AN HON. MEMBER: (Inaudible).

MR. R. AYLWARD: It is not quite inside the four corners of the Act so I cannot talk about unions today I am told, I would be ruled irrelevant.

Mr. Speaker, I would imagine that any of the people who presently work for the Provincial Government in Labrador and are fired are going to have their Labrador Benefits Agreement eliminated, something they worked very hard to get over the past years. I am surprised that the Member for Naskaupi, who is the Labrador representative in Cabinet, would allow this to happen, Mr. Speaker. I find it very hard to understand how he can justify eliminating the Labrador pay benefits for people who work so hard in his district.

Mr. Speaker, when we were debating the principle of this Bill, and I know the principle has been passed by Members of this House of Assembly, there were a lot of questions asked which were never answered. I still do not understand or have not been given a proper explanation as to why in the schedule to this Act the Chicken Marketing Board is mentioned. Does that freeze the price of chicken for the rest of this year? I do not know. Does it freeze any chicken this year? Mr. Speaker, does it freeze the wages of the people working with the Chicken Marketing Board?

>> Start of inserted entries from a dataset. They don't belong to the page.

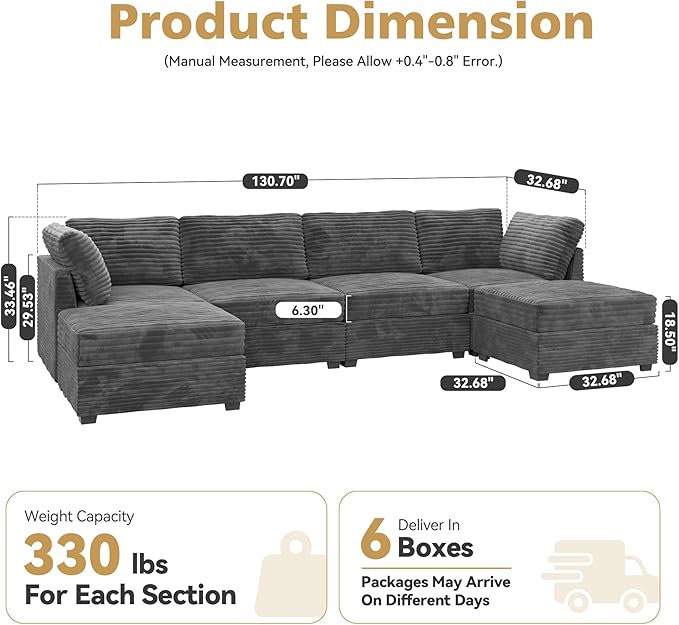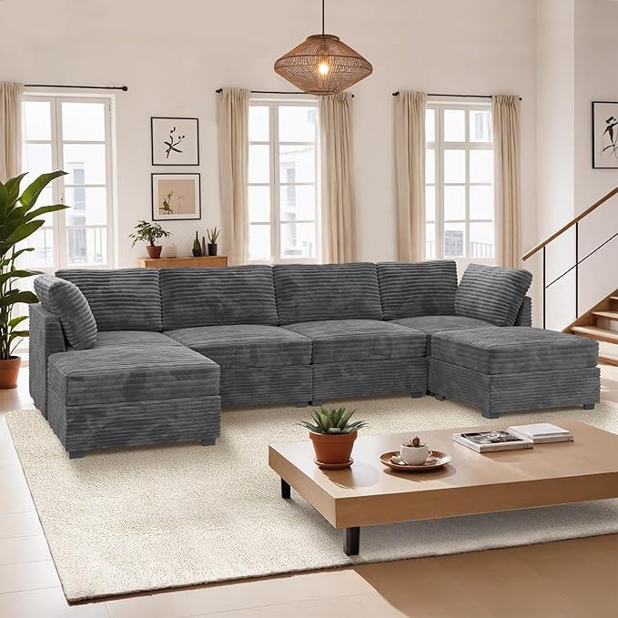 - Spacious Furniture:Sturdy solid wood frame, high-end breathable Plush corduroy fabric, filled with high rebound sponge, making this modular sectional sofa beautiful and comfortable, it can be a perfect match for your living room, bedroom, home office, etc.
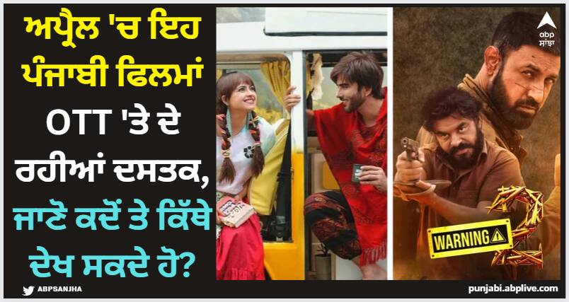 Punjabi Movies On OTT Releasing In April: ਮਾਰਚ ਦਾ ਮਹੀਨਾ ਖਤਮ ਹੋਣ ਵਾਲਾ ਹੈ। ਮਹਿਜ਼ 2 ਦਿਨਾਂ 'ਚ ਅਪ੍ਰੈਲ ਦਾ ਮਹੀਨਾ ਸ਼ੁਰੂ ਹੋ ਜਾਵੇਗਾ। ਅਪ੍ਰੈਲ 'ਚ ਪੰਜਾਬੀ ਫਿਲਮਾਂ ਦੇ ਸ਼ੌਕੀਨਾਂ ਲਈ ਚੰਗੀ ਖਬਰ ਆ ਰਹੀ ਹੈ। ਨਵੀਆਂ ਪੰਜਾਬੀ ਫਿਲਮਾਂ ਓਟੀਟੀ ਪਲੇਟਫਾਰਮ 'ਤੇ ਦਸਤਕ ਦੇਣ ਜਾ ਰਹੀਆਂ ਹਨ। ਜੇ ਤੁਸੀਂ ਇਹ ਫਿਲਮਾਂ ਥੀਏਟਰ 'ਚ ਨਹੀਂ ਦੇਖ ਸਕੇ ਤਾਂ ਹੁਣ ਘਰ ਬੈਠੇ ਦੇਖਣ ਦਾ ਵਧੀਆ ਮੌਕਾ ਹੈ, ਆਓ ਤੁਹਾਨੂੰ ਦੱਸਦੇ ਹਾਂ ਕਿਹੜੀਆਂ ਫਿਲਮਾਂ ਨੇ ਇਹ:
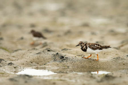 A close-up photo of a ruddy turnstone (Arenaria interpres) lonely and a pair taken in the soft morning light on the banks of a salty estuary.
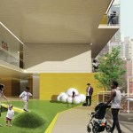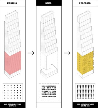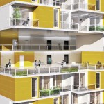 It is a modular system of prefabricated, energy-efficient and cost-effective micro-homes that can be installed in already built empty urban spaces. The number of units and their organization will be adapted to the buildings in which they will be deployed. Each unit is 270 square feet and features an ADA bathroom, queen size bed, kitchen and living/working space. The staggering of the units creates a push-and-pull relation, generating balconies for most units. Large public outdoor terraces provide social and co-working spaces, and safe place for children to play.

AN HON. MEMBER: (Inaudible).

MR. R. AYLWARD: Does it? I know it did not freeze the wages of the Chairperson of the Social Services Appeals Board. That will never be frozen as long as the Minister of Social Services' buddies serve on that Board. But they are not mentioned. That board, Mr. Speaker, and that is a strange thing, is one of the boards not mentioned in this schedule. I wonder if it was intentionally left out of this schedule by the President of Treasury Board who did a favour for his buddy, the Minister of Social Services. I understand that. I did it lots of times while I was there. I would do a favour for my colleague.

MR. EFFORD: (Inaudible).

MR. R. AYLWARD: I did one for him, yes. I opened up Sprung.

MR. EFFORD: No, (inaudible).

MR. R. AYLWARD: Yes, certainly, that is no problem. When the Member was on this side of the House, I treated every Member the same. Every Member in this House was treated -

MR. SIMMS: (Inaudible).

MR. R. AYLWARD: No, the farmer was not noted to be a great Tory, but I think -

MR. EFFORD: (Inaudible).

MR. R. AYLWARD: Yes, I would say. But I think I swung him to our side of it at the time. But the Minister had a lot more time to work on him than I did.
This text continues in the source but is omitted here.